How to create new Google Shopping insight reports in Data Studio

As digital marketers, we are always looking for the next time saving idea to provide a competitive edge. Due to Covid-19, we are making this one public in the hope it can help your business or clients. 

Special thanks to Duane Brown for his input during research, Angelo Caldeira for all things code related, and Richard Kliskey for keeping the PPC lens in focus throughout. 

The big idea

The popularity of all retail products bought online through Google Shopping changes weekly. Retailers have to measure this demand and manage their inventory, advertising efforts and commercial KPIs.

Comparing product insights across the online retail industry with your own data is not a cheap or easy thing to do. 

DTC brands are in danger of being oblivious to wider category trends. Multi-brand retailers who want insights beyond their own data have to pay for expensive enterprise solutions. 

Google Trends for Google Shopping is not yet a thing in 2020. We set out to bootstrap a solution any company can build and use in their own industry. 

For smaller brands who typically manage product analysis solely within Shopify, new insights require new habits. 

Here are the key PPC benefits of creating product insights using Data Studio. 

  1. Save Time: Automate the manual creation of product insights.
  2. Save Money: Identify underperforming products faster and adjust your advertising.
  3. Make Better Decisions: Include industry popularity of products when assessing stock and advertising decisions.

A message to non-technical PPC professionals

Even Batman needed Lucius Fox to help build cool tech. Once you partner up, the only limitation is your imagination and deciding which APIs to plug in. If you want better PPC insights within Data Studio, you need to build a custom database. 

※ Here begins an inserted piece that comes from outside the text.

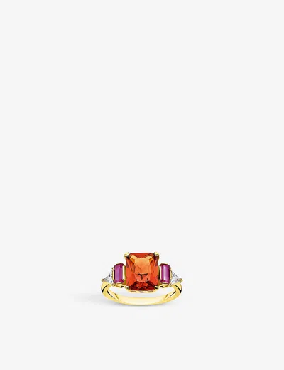 Magic Stones 18ct Yellow Gold-plated Sterling-silver And Zirconia Cocktail Ring In Orange

For non-technical PPC marketers, the time you invest now in finding a developer to collaborate with, will pay off massively and it is definitely worthwhile.

Technical requirements

To build a custom database for PPC you and/or your developer will need the following:

  1. Programming skills in Python
  2. Basic knowledge of SQL
  3. Access to Google Analytics and Google Ads API
  4. Ability to set up a Google Service Account
  5. Understanding of Google BigQuery as a custom database
  6. Ability to set up code to run in the cloud (e.g. AWS)
  7. Data Studio dashboard knowledge

Here’s the good news! We are sharing for free, hours of coding already done for you. The links to the resources are in the next sections. 

If you’re not comfortable following the technical instructions, we highly recommend partnering with a developer to help action the various scripts and custom database setup. 

PPC considerations

First, choose your industry’s best-seller niche. Decide which industry data you need from Merchant Center. In this example we featured sneakers. You can set this up for many other niches such as electronics or a pet store.

Second, add your own data sources. Combine retail industry popularity rank alongside advertising and commercial KPIs / Google Shopping and Google Analytics KPIs.

Third, define what an insight is for you. Decide which data is the most important to use when automation can provide actionable insights. Examples: up/down trending products, whether you stock a highly popular product, commercial KPIs from Google Shopping alongside retail industry popularity rank.  

Again, we want to repeat the fact this solution can be tailored to any product types where bestseller data from Merchant Center is available.

Our Insights Example, ‘Sneaker Store USA’

Free code and technical guidance is available within the github link

We created an example data model to be accurate to the sneaker industry without the data actually belonging to anyone. The aim here is to use your own data in your own market. Combine best seller industry data with your advertising data to create your own insight trends.  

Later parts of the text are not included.